■ Record extracts ■

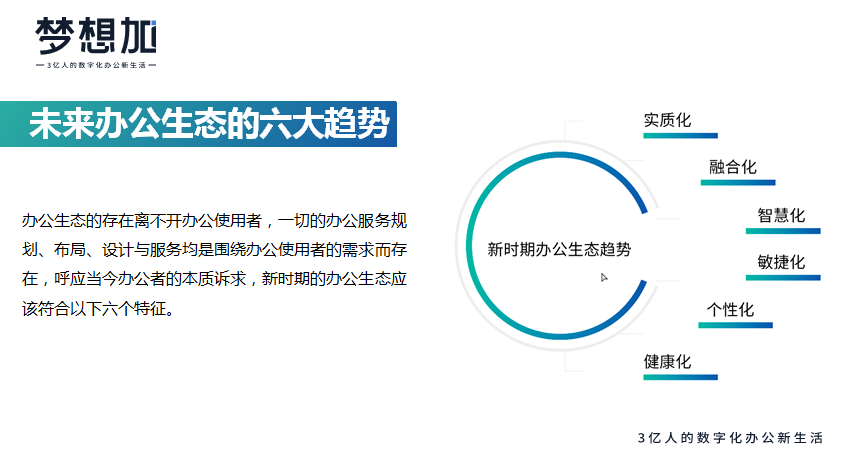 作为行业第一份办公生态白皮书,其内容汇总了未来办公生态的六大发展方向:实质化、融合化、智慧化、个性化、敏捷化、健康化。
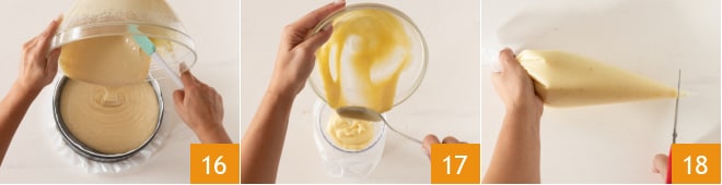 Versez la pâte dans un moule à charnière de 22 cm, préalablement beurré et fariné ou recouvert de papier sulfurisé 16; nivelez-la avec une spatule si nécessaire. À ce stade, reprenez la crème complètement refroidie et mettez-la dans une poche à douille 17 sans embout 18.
==
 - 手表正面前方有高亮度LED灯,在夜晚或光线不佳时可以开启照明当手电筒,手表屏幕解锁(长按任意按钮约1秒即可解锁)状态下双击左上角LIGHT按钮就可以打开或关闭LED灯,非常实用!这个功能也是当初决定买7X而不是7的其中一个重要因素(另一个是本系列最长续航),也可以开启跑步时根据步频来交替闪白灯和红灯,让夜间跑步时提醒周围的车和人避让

■ Your assignment ■
Reproduce exactly, with no pictures, the lines above from the one holding "作为行业第一份办公生态白皮书" to the one holding "Versez la pâte", inclusive.

■ Response to this exercise ■
 作为行业第一份办公生态白皮书,其内容汇总了未来办公生态的六大发展方向:实质化、融合化、智慧化、个性化、敏捷化、健康化。
 Versez la pâte dans un moule à charnière de 22 cm, préalablement beurré et fariné ou recouvert de papier sulfurisé 16; nivelez-la avec une spatule si nécessaire. À ce stade, reprenez la crème complètement refroidie et mettez-la dans une poche à douille 17 sans embout 18.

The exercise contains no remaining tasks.